But Caswell isn't just giving Gulf seafood its much-deserved props; he's also paying homage to the whole spectrum of influences that makes food taste like it came from Houston.
On one visit, I had grouper served with a sweet corn pudding, a fresh, spicy pico de gallo and a grilled peach — a sweet, hot summer tribute to Gulf Southern cooking. There was also a seafood hot pot on the menu that could have come straight from a Houston Vietnamese restaurant.
On another visit, I had the carnitas in raita for an appetizer. The Mexican-Indian fusion sounded weird, but tasted fabulous. The pork chunks were authentically boiled in lard until they were wonderfully crispy, then slathered in salsa. Eating carnitas at a fancy restaurant never made much sense to me since you can buy great ones at a carnicería for next to nothing. But the smart topping of Indian raita, with its mouth-cooling yogurt and cucumber, gave these carnitas an added dimension.
My tablemate had the jumbo crab cake, which was a big disk of lump crabmeat in a thick battered crust served with what the menu called "taquería-style pickled vinaigrette." It tasted like the lightly pickled cabbage slaw called cortadito that you get with your pupusas in a Salvadoran restaurant.
These might sound like odd combinations, except in Houston, where we eat Vietnamese, Indian, Mexican, Salvadoran and Gulf Southern cooking all the time.
Reef was hideously loud when I first visited. I couldn't hear the waiter, my tablemate or anything else above the din. This problem was expensively solved by coating the ceiling with some kind of noise-deadening gunk. It's much quieter now.

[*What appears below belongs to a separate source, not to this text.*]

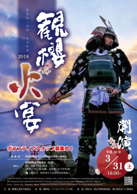 お疲れ様です。昨日、観櫻火宴実行委員会の会議が開催されて、観櫻火宴2018が正式に動き出しました。今回の観櫻火宴のチラシももうすぐ完成ですが一足早く皆さんに披露しますですので、よろしくPRと同時に参陣をよろしくお願いします。 また今回の観櫻火宴には、北九州から剣舞パフォーマンス軍団「総合武術 真延流」が来崎して、観櫻火宴の甲冑を着て演舞を行い花を添えて下さいます。別添のユーチューブ映像を見ると結構カッコイイです。特にこのような日本的な演舞は、毎回おいで下さる佐世保米軍基地の外人さんには受けると思うんですがいかがで

The food isn't all perfect. Coming from the Jean-Georges school of French fusion cooking, Bryan Caswell goes a little light on the seasonings sometimes. The flounder, which was served over truffled polenta with mushrooms, was dull. But the only total clunker I've had was the spice-crusted chicken. The bland crumb coating was as dry as a mouthful of dust.
My remaining beef with Reef is the wine service. On my second visit, I tried to find another white wine that was as good a deal as the Jermann Pinot Grigio. I asked the waiter if I could speak with the "wine guy." The waiter said there was no sommelier and that he was trained on the wine list.

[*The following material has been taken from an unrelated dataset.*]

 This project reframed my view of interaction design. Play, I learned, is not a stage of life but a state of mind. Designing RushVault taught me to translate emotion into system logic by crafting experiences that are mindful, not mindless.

So I told him I wanted a white wine with lots of acidity — something lemony to accent the fish flavors. And to make things easy, I told him I was trying to choose between the three Albariños on the list. He told me that Albariño was a light wine with little acidity and that I should look at the Chablis instead.
Obviously, the waiter didn't know his coccyx from a corkscrew. Albariños are Spain's favorite seafood wines; they are very tart. I asked him which Albariños he had tasted, and he admitted he hadn't tasted any of them. So I told him I wanted to talk to somebody who knew the list a little better.
He sent over co-owner Bill Floyd. Floyd insisted he wasn't a sommelier, but when I mentioned I wanted a good tart Albariño, he immediately waxed eloquent about the Morgadio, which proved to be one of the best Albariños I have ever tasted. It has a wonderful clover honey aroma and a dry crisp finish, and at $28, it was roughly half the price of the Chablis the waiter was pushing.
With their shockingly low prices, perfect temperature-controlled storage and a selection of wines that customers can't find anywhere else, Reef should be the best place in the city to drink wine. But it's not, because they don't have a "wine guy" to help you decipher the list. I hope they fix this annoying situation.
But these are just quibbles, since Reef has so much else going for it. The interior is cool but not lavish, the waitstaff wears blue jeans and the bar menu includes the trendy little hamburgers called sliders, all of which gives the establishment a relaxed vibe. And while it's not cheap, it's a better deal than most.
The restaurant has only been open a couple of months, but it's already hard to get a table on the weekend. Caswell is reeling them in with his imaginative new take on Gulf seafood. If you have never tasted tripletail, wahoo or snapper with a crispy skin, it's time to come and get it.